%I A113336
%S A113336 2,1,6,6,18,12,18,42
%N A113336 Least integers, starting with 2, so ascending descending base exponent
transforms all prime.
%C A113336 This is the second sequence submitted as a solution to an "ascending
descending base exponent transform inverse problem" where the sequence
is iteratively defined such that the transform meets a constraint.
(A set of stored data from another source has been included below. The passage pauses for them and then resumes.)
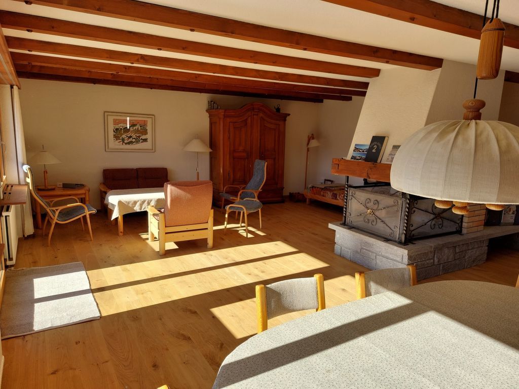 160 m2. Weitere Angaben des Anbieters: Im Parterre befindet sich das sehr grosse, stilvoll eingerichtete Wohnzimmer mit dem grossen Cheminée, einer gemütlichen Sitzecke und dem Esstisch für 8 Personen. Im Wohnzimmer befinden sich auch Radio / TV. Die zweckmässig aber vollständig (inkl. Abwaschmaschine) eingerichtete Küche ist gleich angrenzend. Ebenfalls im Parterre befindet sich ein separates WC. Der grosse Gartensitzplatz ist über das Wohnzimmer zugänglich. Im 1. Stock befinden sich die drei Schlafzimmer. Ein Schlafzimmer mit Doppelbett verfügt zudem über ein eigenes Badezimmer (mit Badewanne) und über einen eigenen, grossen Balkon. Über diesen gelangen Sie zudem in die Doppelgarage. In den anderen zwei Zimmern befindet sich je 2 Einzelbetten, die zusammengestellt werden können. Weiter finden Sie im 1. Stock ein weiteres Badezimmer mit Sitzbadewanne und Waschmaschine. Vor Ort mit der Schlüsselhalterin in Bar abzurechnen: CHF 15.- / Person und Aufenthalt für Bettwäsche Auf Anfrage ist die An- und Abreise auch an einem anderen Tag möglich, idealerweise freitags.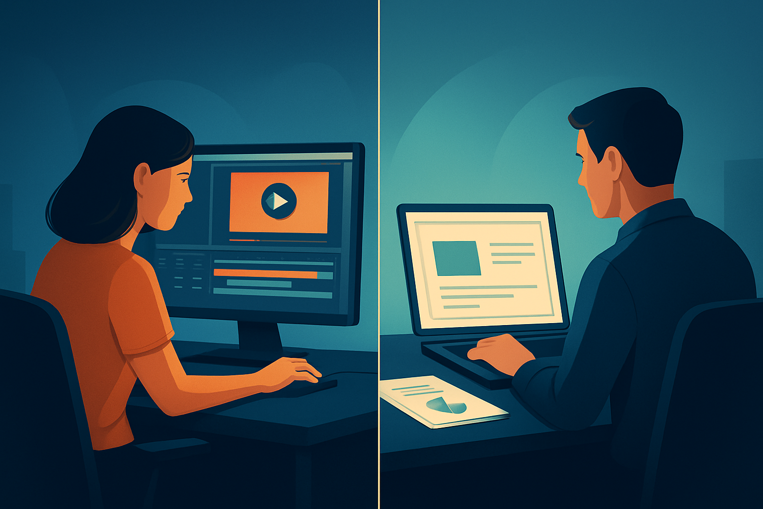 - Slide Decks: Start from slides and speaker notes. Creation is slide-by-slide and often manual placement of text and images.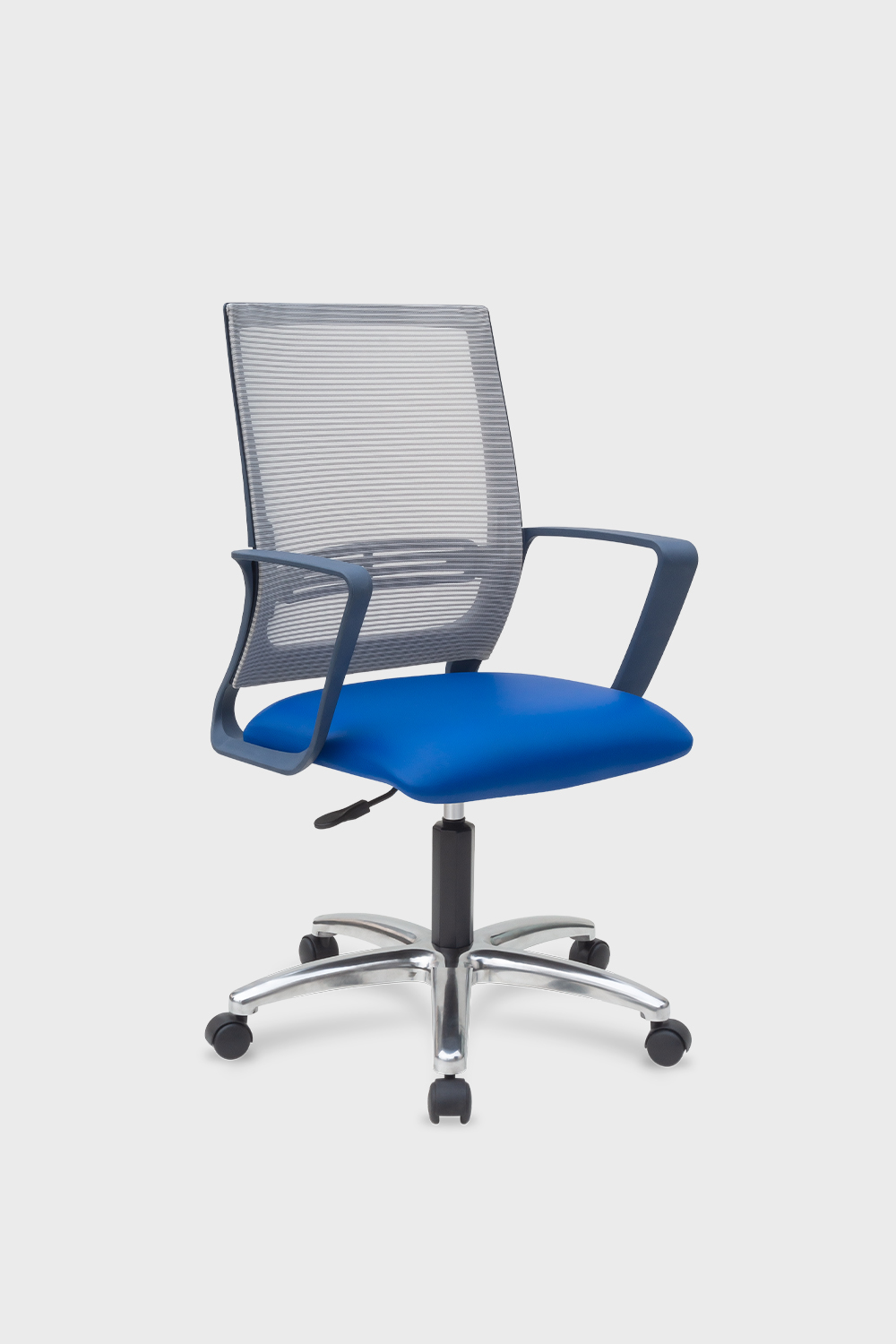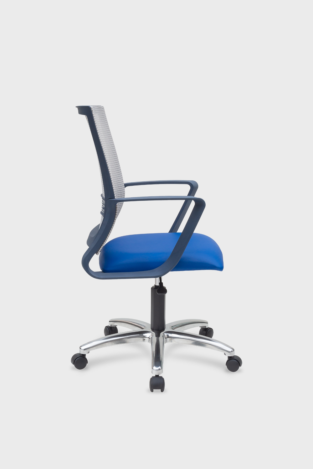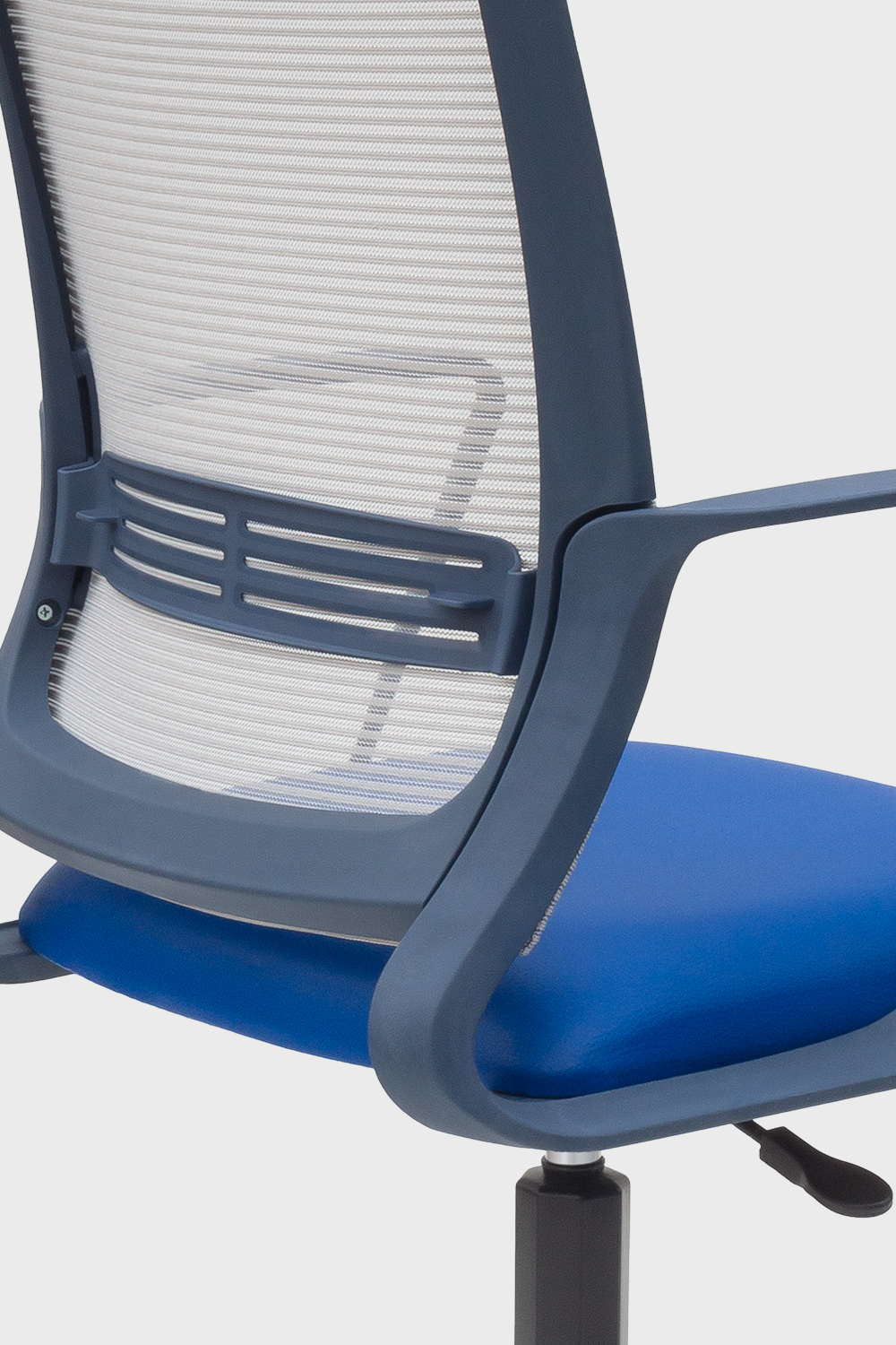 - Encosto com espaldar médio em tela 100% poliéster, com suporte de encosto em polipropileno com acabamento texturizado.

The sequence is probably infinite, but it is hard to characterize
the asymptotic cost of adding an n-th term (the 9th terms is at least
250). A003101 is the ascending descending base exponent transform
of natural numbers A000027. The ascending descending base exponent
transform applied to the Fibonacci numbers is A113122; applied to
the tribonacci numbers is A113153; applied to the Lucas numbers is
A113154.
%F A113336 a(1) = 2. For n>1: a(n) = min {n>0: SUM[from i = 1 to n] (a(i))^(a(n-i+1))
is prime}.
%e A113336 a(1) = 2 by definition.
%e A113336 a(2) = 1 because 1 is the min such that 2^a(2) + a(2)^2 is prime (p=3).
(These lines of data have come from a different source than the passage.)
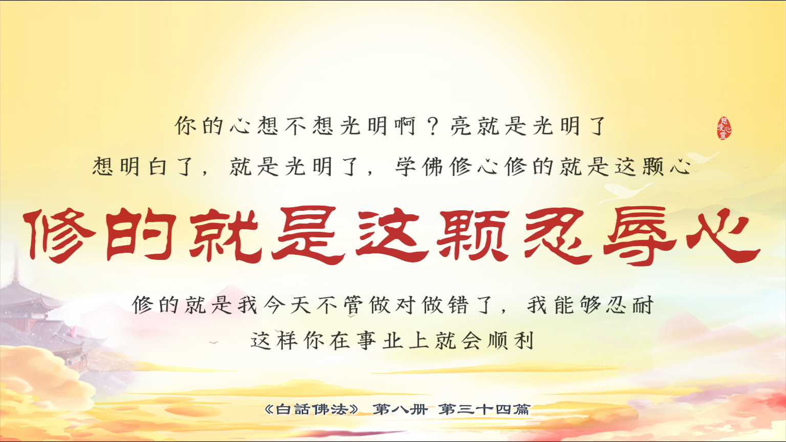 不限会员 8-34-22你的心想不想光明啊...想明白了,就是光明了,学佛修心修的就是这颗心,修的就是这颗忍辱心,修的就是我今天不管做对做错了,我能够忍耐,这样你在事业上就会顺利。【图】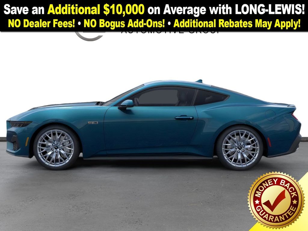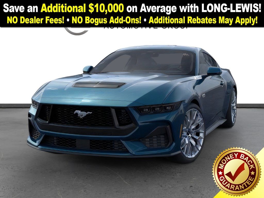 Adriatic Blue Metallic 2026 Ford Mustang NFC RWD 5.0L V8 Ti-VCT 4-Wheel Disc Brakes, ABS brakes, Air Conditioning, Alloy wheels, AM/FM Stereo, Auto High-beam Headlights, Automatic temperature control, Brake assist, Bumpers: body-color, Compass, Delay-off headlights, Driver door bin, Driver vanity mirror, Dual front impact airbags, Dual front side impact airbags, Electronic Stability Control, Emergency communication system: 911 Assist, Exterior Parking Camera Rear, Four wheel independent suspension, Front anti-roll bar, Front Bucket Seats, Front Center Armrest, Front dual zone A/C, Front reading lights, Fully automatic headlights, Illuminated entry, Knee airbag, Leather Shift Knob, Leather steering wheel, Low tire pressure warning, Occupant sensing airbag, Outside temperature display, Overhead airbag, Overhead console, Panic alarm, Passenger door bin, Passenger vanity mirror, Power door mirrors, Power steering, Power windows, Radio data system, Rain sensing wipers, Rear anti-roll bar, Rear Parking Sensors, Rear window defroster, Remote keyless entry, Speed control, Speed-sensing steering, Speed-Sensitive Wipers, Split folding rear seat, Sport steering wheel, Steering wheel mounted audio controls, SYNC 4, Tachometer, Telescoping steering wheel, Tilt steering wheel, Traction control, Trip computer, Variably intermittent wipers, Voltmeter.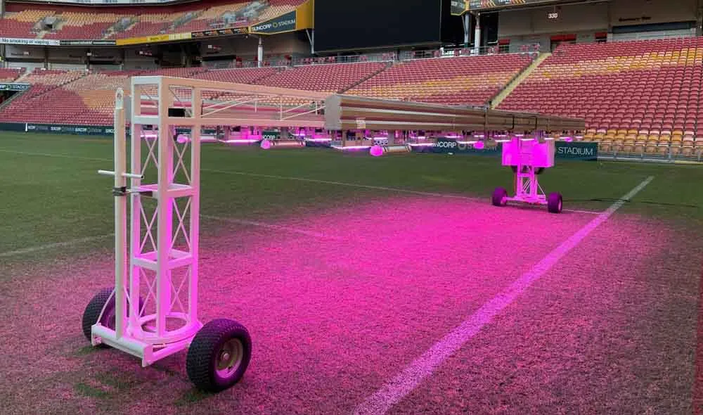 Usually the grow lights not install directly in the stadium. It’s usually install in a equipment. When it needs to grow grass or maintenance, move the equipment to lighting it.

%e A113336 a(3) = 6 because 6 is the min such that 2^a(3) + 1^1 + a(3)^2 is prime
(2^6 + 1^1 + 6^1 = 101).
%e A113336 a(4) = 6 because 2^6 + 1^6 + 6^1 + 6^2 = 107 is prime.
%e A113336 a(5) = 18 because 2^18 + 1^6 + 6^6 + 6^1 + 18^2 = 309131 is prime.
%e A113336 a(6) = 12 because 2^12 + 1^18 + 6^6 + 6^6 + 18^1 + 12^2 = 97571 is prime.
%e A113336 a(7) = 18 because 2^18 + 1^12 + 6^18 + 6^6 + 18^6 + 12^1 + 18^2 = 101559990989777
is prime.
%e A113336 a(8) = 42 because 2^42 + 1^18 + 6^12 + 6^18 + 18^6 + 12^6 + 18^1 + 42^2
= 105960216961847 is prime.
%e A113336 a(9) > 250.
%Y A113336 Cf. A000040, A005408, A113122, A113153, A113154.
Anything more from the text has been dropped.